Nicht nur in Kopenhagen ist die Gemeinde aktiv. Seit 2013 fliegt die Non-Profit-Organisation Make Life Skate Life regelmäßig um die Welt, wie nach Rio de Janeiro, Indien, Bolivien, Jordanien, Myanmar, Äthiopien, Nepal, Marokko, Irak, Brasilien oder Jamaika. Zusammen mit den lokalen Gemeinden bauen sie sichere, zugängliche und kostenlose Skateparks. Nach dem Bau helfen sie bei der Umsetzung von Skateprogrammen, die Frauen, benachteiligte und flüchtige Jugendliche einbeziehen und Skateboarding als ein Instrument zur Vermittlung von interkultureller Kommunikation, kreativem Selbstausdruck und Widerstandsfähigkeit gegenüber unterversorgten Jugendlichen einsetzen.

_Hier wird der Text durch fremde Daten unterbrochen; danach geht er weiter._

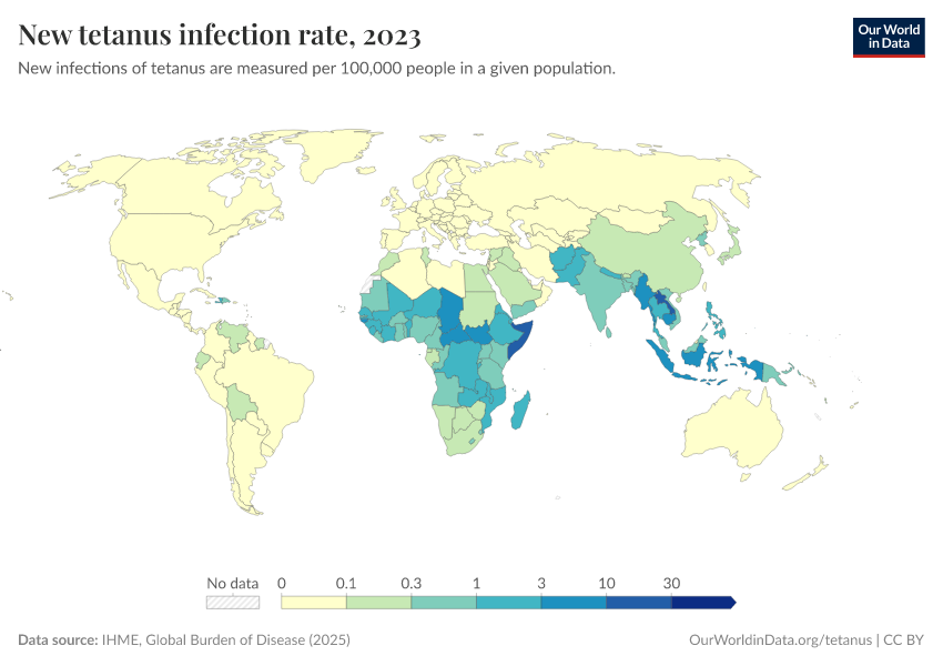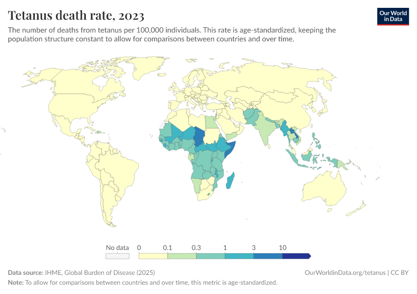 Hannah Behrens, Sophie Ochmann, Bernadeta Dadonaite, and Max Roser (2019) - “Tetanus” Published online at OurWorldinData.org. Retrieved from: 'https://data-forest-share-update.owid.pages.dev/tetanus' [Online Resource]BibTeX citation

Das Ziel ist, dass ihre lokalen Partner die Projekte langfristig selbstständig und eigenverantwortlich durchführen und gleichzeitig genug Fähigkeiten erwerben, um ihre nächsten Projekte zu leiten. Auf dem Bild ganz oben kannst du einen Teil der Skatehalle sehen.

Am besten gefiel mir der alte Bauwagen, der zu einem Umsonstladen umfunktioniert wurde. In Düsseldorf helfe ich regelmäßig in einem aus. Das Konzept dahinter ist, dass alle Dinge kostenfrei und zugänglich für alle sind. Durch Spenden kann dies ermöglicht werden. In Kopenhagen konnte man, wenn man gerade keine Spenden dabei hat, seine Kleidung direkt gegen die Sachen dort eintauschen oder auch so mit nehmen. Ich habe dort ein paar tolle Teile gefunden, die mich an diesen schönen Ort erinnern werden.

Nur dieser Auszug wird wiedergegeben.